1986 painting by Richard Stone

Her Majesty Queen Elizabeth, The Queen Mother, is a 1986 painting of Elizabeth Bowes-Lyon by the British artist Richard Stone.

==Description==
Stone started his work as a royal painter by first approaching the household of Queen Elizabeth the Queen Mother, based at Clarence House.
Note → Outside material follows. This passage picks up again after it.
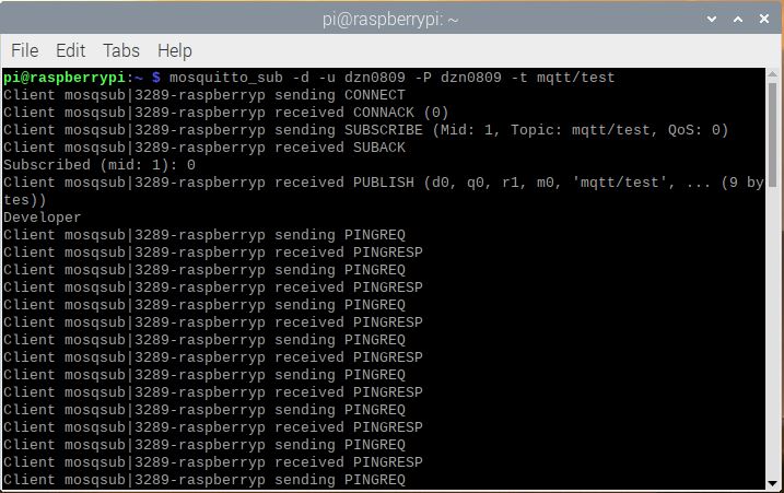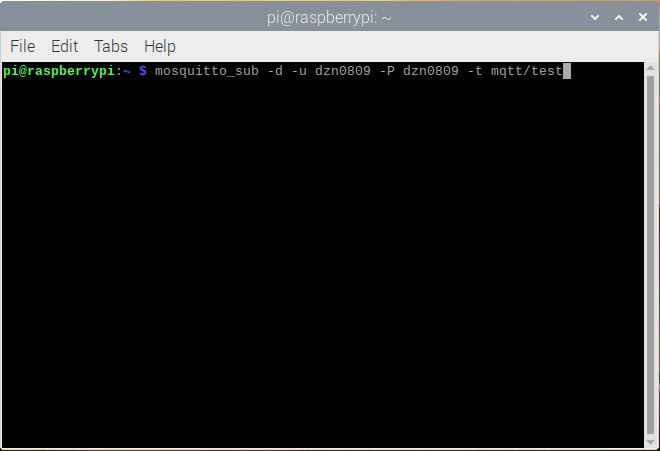 - mosquitto_sub -d -u MOSQUITTO_USERNAME -P MOSQUITTO_PASSWORD -t dev/test

Her agreeing to sit for him was according to Stone "rather like winning the Oscar". He painted her six times, first for the Royal Anglian Regiment in her role as their colonel-in-chief, and finally a year before her death in 2002. He described his sittings with her as "hugely entertaining".

Stone's 1986 painting of the Queen Mother was prepared in advance for an exhibition of his works in San Marino, California. The painting, which the artist described as his "best portrait" of Elizabeth, measures 15 × 12 in. The portrait was placed in Queen Elizabeth II's hotel bedroom while she visited Austin, Texas, in 1991.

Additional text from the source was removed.